Onset of space-charge effects in strong-field photocurrents from nanometric needle tips

TL;DR

This paper investigates how space-charge effects influence strong-field photoemission from nanometric tungsten tips, revealing a threshold intensity where charge interactions dominate electron emission dynamics, with implications for ultrafast optoelectronic devices.

Contribution

The study identifies the onset of space-charge effects in nanostructure photoemission under intense laser fields through combined experiments and simulations, advancing understanding of charge interactions in ultrafast electron emission.

Findings

Step-wise increase in cutoff energies beyond a certain intensity.

Identification of charge-interaction dominated emission regime.
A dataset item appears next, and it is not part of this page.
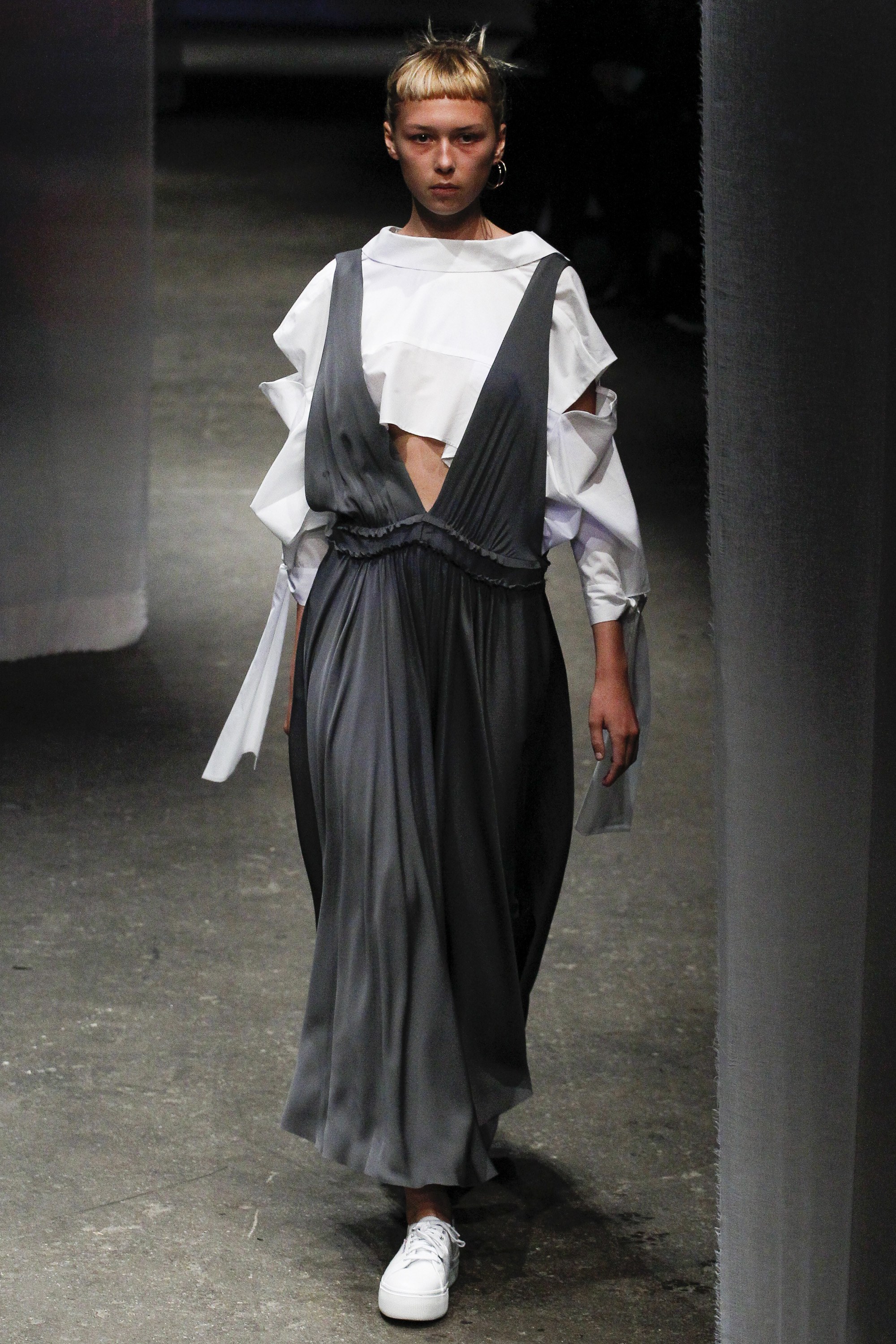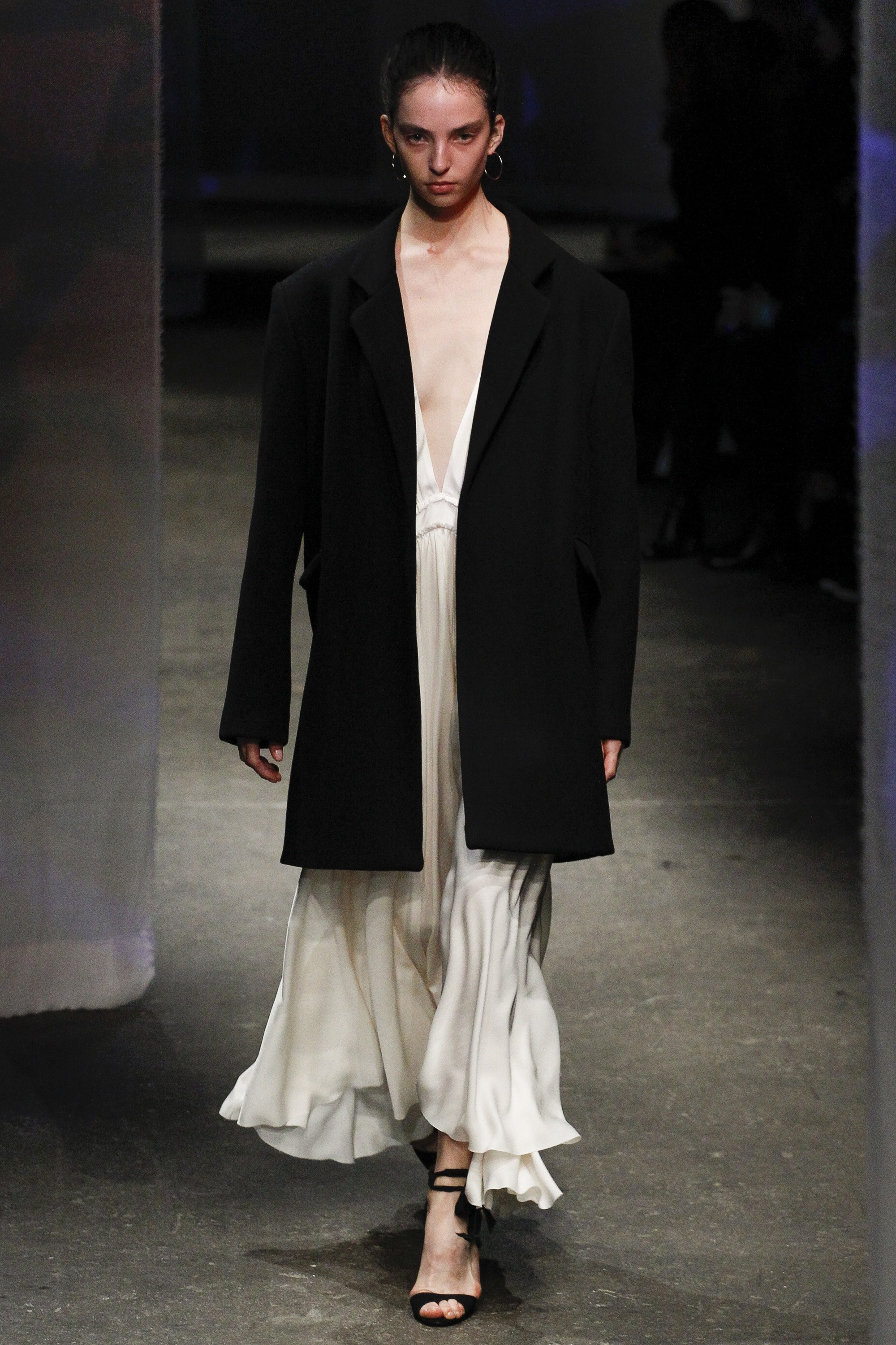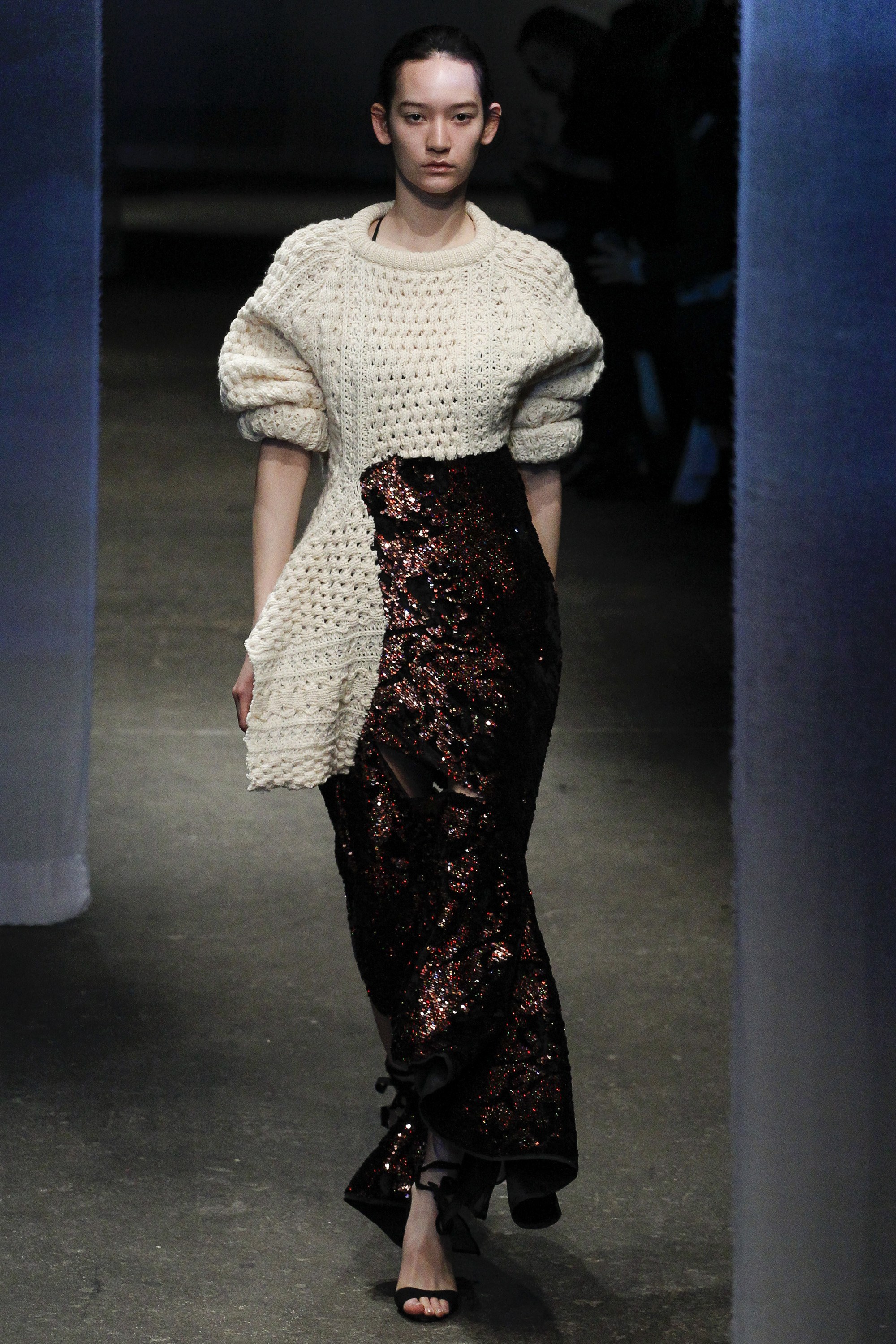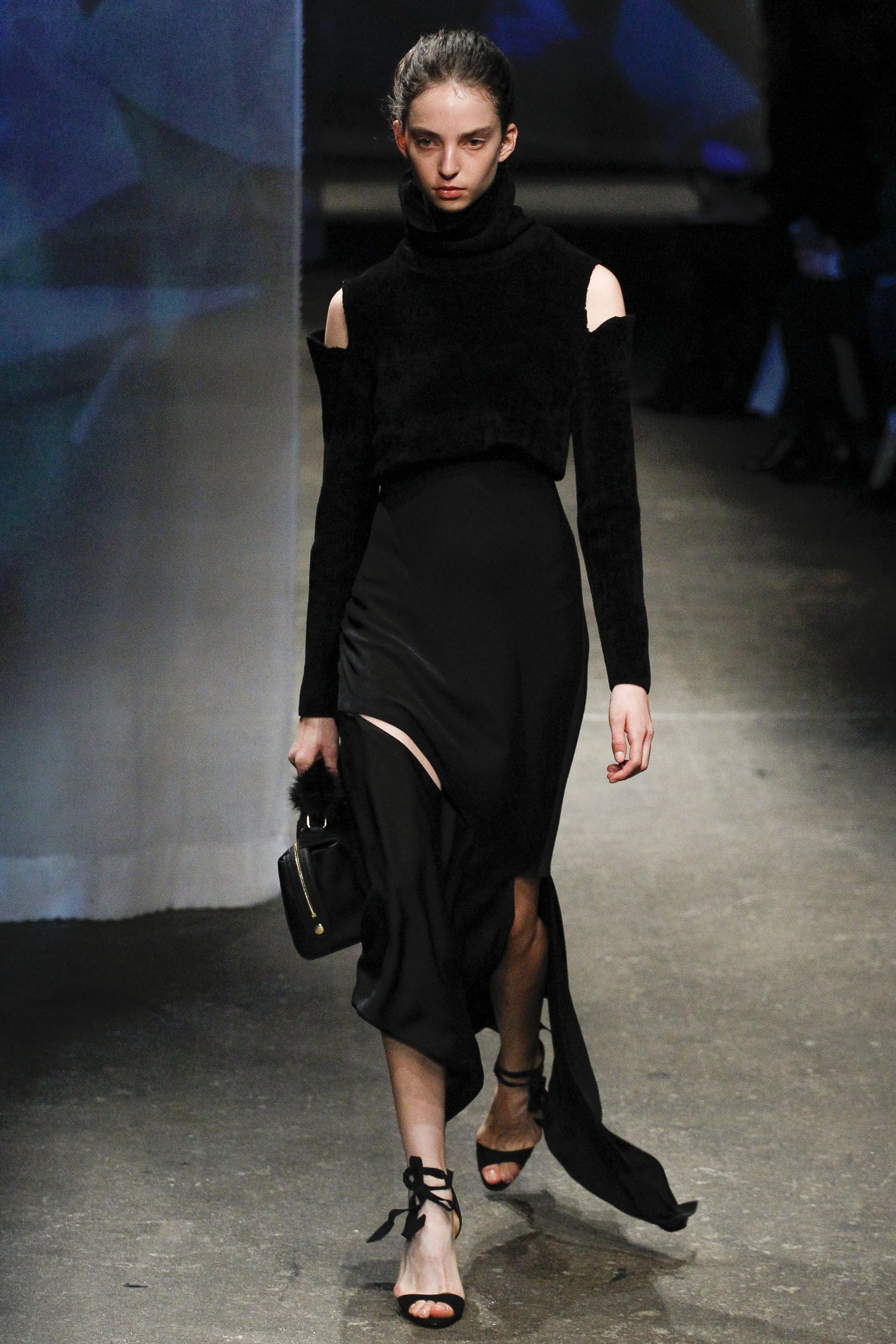 She channeled that divided and torn sentiment into ensembles that were quite literally fragmented, though done rather beautifully. The cutout shoulders on a cozy cropped turtleneck, sultry double slits on a slinky LBD, the asymmetric button placket on a white shirt—the designs were essentially modern-day riffs on wardrobe staples as we know them.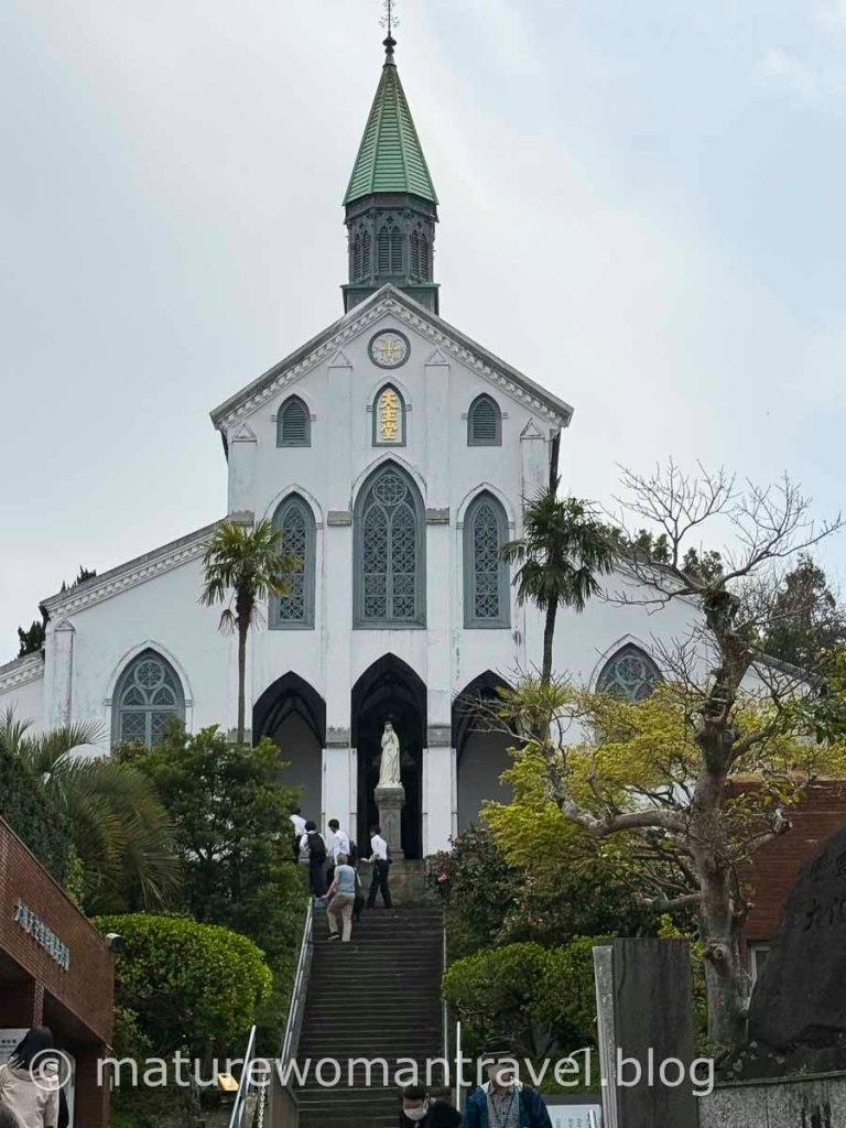 商店街轉角處矗立著白色的大浦天主堂,莊嚴的西式天主教堂,建於 1865 年,擁有彩繪玻璃和雕塑。

Relevance to nanostructure-based PHz-scale optoelectronic devices.

Abstract

Strong-field photoemission from nanostructures and the associated temporally modulated currents play a key role in the development of ultrafast vacuum optoelectronics. Optical light fields could push their operation bandwidth into the petahertz domain. A critical aspect for their functionality in the context of applications is the role of charge interactions, including space charge effects. Here, we investigated the photoemission and photocurrents from nanometric tungsten needle tips exposed to carrier-envelope phase-controlled few-cycle laser fields. We report a characteristic step-wise increase in the intensity-rescaled cutoff energies of emitted electrons beyond a certain intensity value. By comparison with simulations, we identify this feature as the onset of charge-interaction dominated photoemission dynamics. Our results are anticipated to be relevant also for the strong-field photoemission from other nanostructures, including photoemission from plasmonic nano-bowtie antennas used in carrier-envelope phase-detection and for PHz-scale devices.